### Work order
Each line, starting at the one with "First off, let’s" and running to the end of the data below, is to be set down again exactly, both ends included; leave pictures out.
(Dataset content Opens)
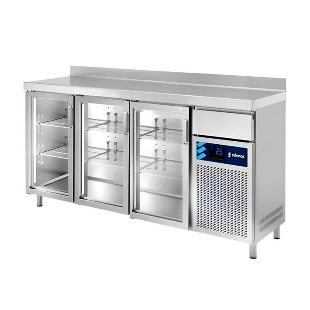 El modelo con puerta de cristal (PC) también incorpora doble acristalamiento. En el acabado negro, incluye doble iluminación interior, mejorando la visibilidad del producto refrigerado. Todos los modelos cuentan con un cajón neutro auxiliar, que puede reemplazarse por un cajón tolva bajo pedido. La temperatura de trabajo va de -2° a +8° C, con un ambiente de hasta 30 °C. Es decir, garantiza la conservación óptima de alimentos frescos.
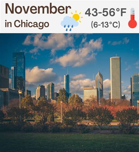 First off, let’s talk about the average conditions. When we look at the Chicago November weather , we’re generally talking about cooler temperatures and a significant increase in the chances of precipitation compared to October. The average daily temperature in November hovers around the mid-40s Fahrenheit (about 7 degrees Celsius), with highs typically in the low 50s and lows dipping into the high 30s. Now, these are averages, guys, and Chicago is famous for its unpredictable weather. You can easily experience warmer spells that feel like a lingering autumn, or get hit with a cold snap that feels like winter has already arrived. So, packing layers is absolutely key. Think t-shirts, long-sleeved shirts, sweaters, and a good, warm jacket. Don’t forget a hat, scarf, and gloves – especially for those evenings and early mornings. The wind is also a major factor in Chicago, earning it the nickname “The Windy City” for a reason. That wind can make even a mild temperature feel much colder, so factor that into your clothing choices. You’ll want something windproof, for sure.
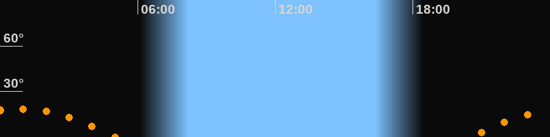| Untergang | 05:02 Uhr im Südwesten (αAz = 236,9°) |
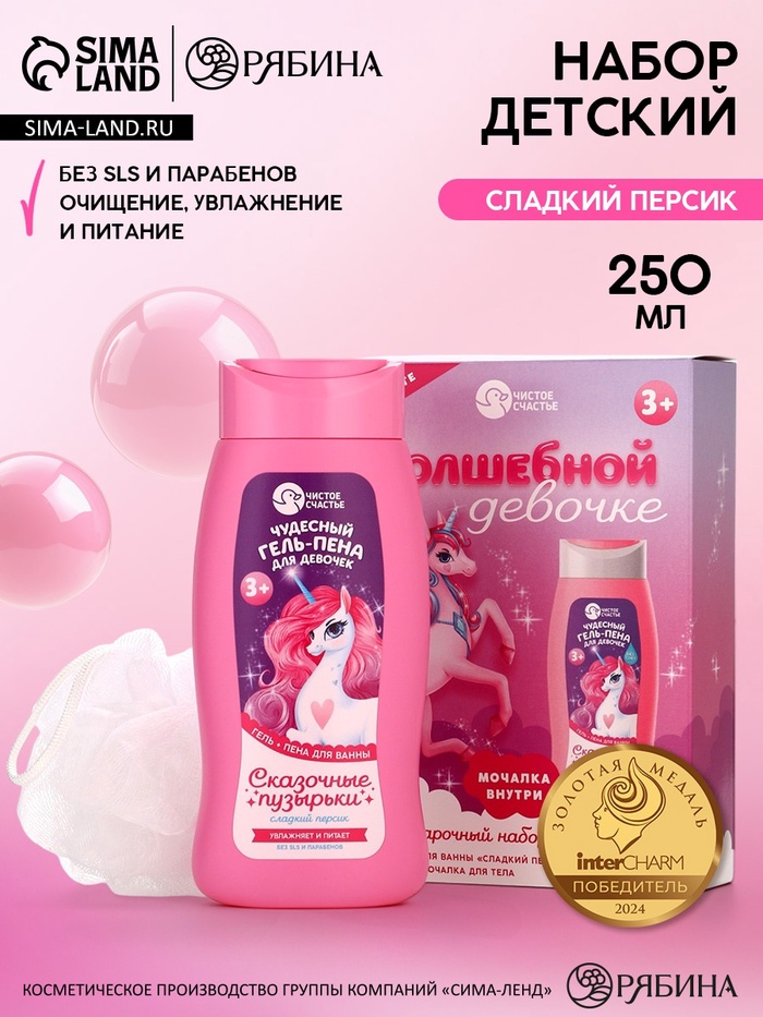 Подарочный набор детский «Волшебной девочке», гель-пена 250 мл, мочалка, Чистое счастье
(Dataset content Closes)
### Task output
 First off, let’s talk about the average conditions. When we look at the Chicago November weather , we’re generally talking about cooler temperatures and a significant increase in the chances of precipitation compared to October. The average daily temperature in November hovers around the mid-40s Fahrenheit (about 7 degrees Celsius), with highs typically in the low 50s and lows dipping into the high 30s. Now, these are averages, guys, and Chicago is famous for its unpredictable weather. You can easily experience warmer spells that feel like a lingering autumn, or get hit with a cold snap that feels like winter has already arrived. So, packing layers is absolutely key. Think t-shirts, long-sleeved shirts, sweaters, and a good, warm jacket. Don’t forget a hat, scarf, and gloves – especially for those evenings and early mornings. The wind is also a major factor in Chicago, earning it the nickname “The Windy City” for a reason. That wind can make even a mild temperature feel much colder, so factor that into your clothing choices. You’ll want something windproof, for sure.
| Untergang | 05:02 Uhr im Südwesten (αAz = 236,9°) |
 Подарочный набор детский «Волшебной девочке», гель-пена 250 мл, мочалка, Чистое счастье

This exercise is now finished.